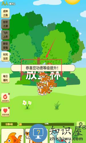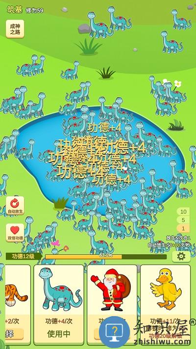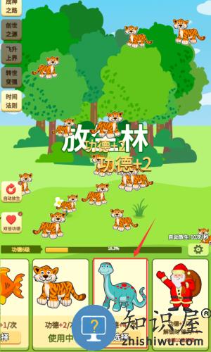 3、选择蓝色恐龙,每次放生获得四点功德。
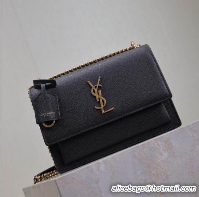 > Yves Saint Laurent Bag > Grade Design Saint Laurent Sunset Medium Bag in Saffiano Leather 442906 Black/Gold 2025
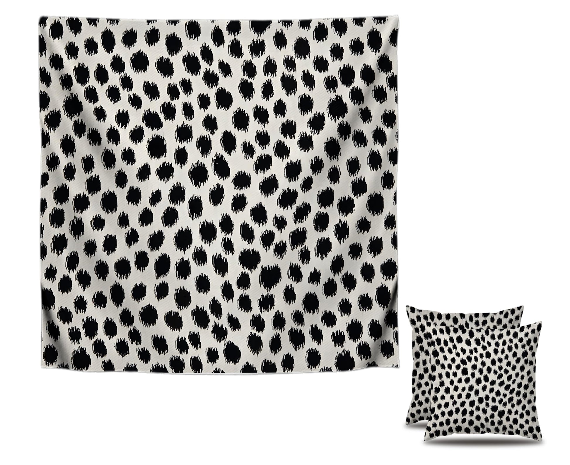 Set of 2 Decorative Throw Pillow Covers 18x18 Inches - Black and Cream Polka Dot Pillow Covers - Throw Pillows Boho Design Brush Strokes Decorative - Pillowcase Square Cushion Cover in Linen
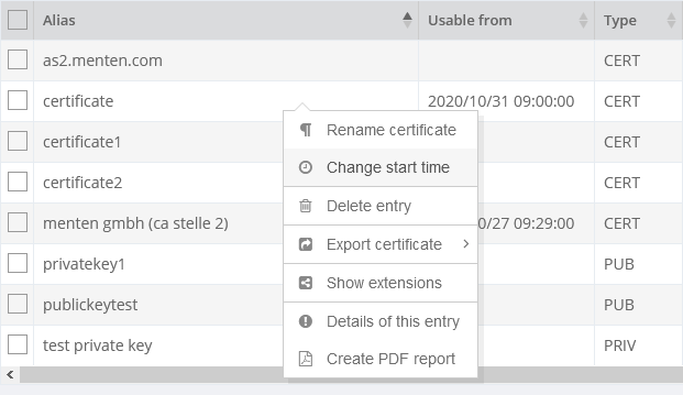 For each certificate, a start time can be defined from which the certificate is used. With this function, several certificates with the same alias name can exist in the keystore. The start time then determines the time from which one certificate replaces the other. The start time can also be subsequently adjusted via the context menu.

=-=-=

TASK TO CARRY OUT: Output all the material verbatim, skipping every image.

ANSWER TO THE EXERCISE:
 3、选择蓝色恐龙,每次放生获得四点功德。
 > Yves Saint Laurent Bag > Grade Design Saint Laurent Sunset Medium Bag in Saffiano Leather 442906 Black/Gold 2025
 Set of 2 Decorative Throw Pillow Covers 18x18 Inches - Black and Cream Polka Dot Pillow Covers - Throw Pillows Boho Design Brush Strokes Decorative - Pillowcase Square Cushion Cover in Linen
 For each certificate, a start time can be defined from which the certificate is used. With this function, several certificates with the same alias name can exist in the keystore. The start time then determines the time from which one certificate replaces the other. The start time can also be subsequently adjusted via the context menu.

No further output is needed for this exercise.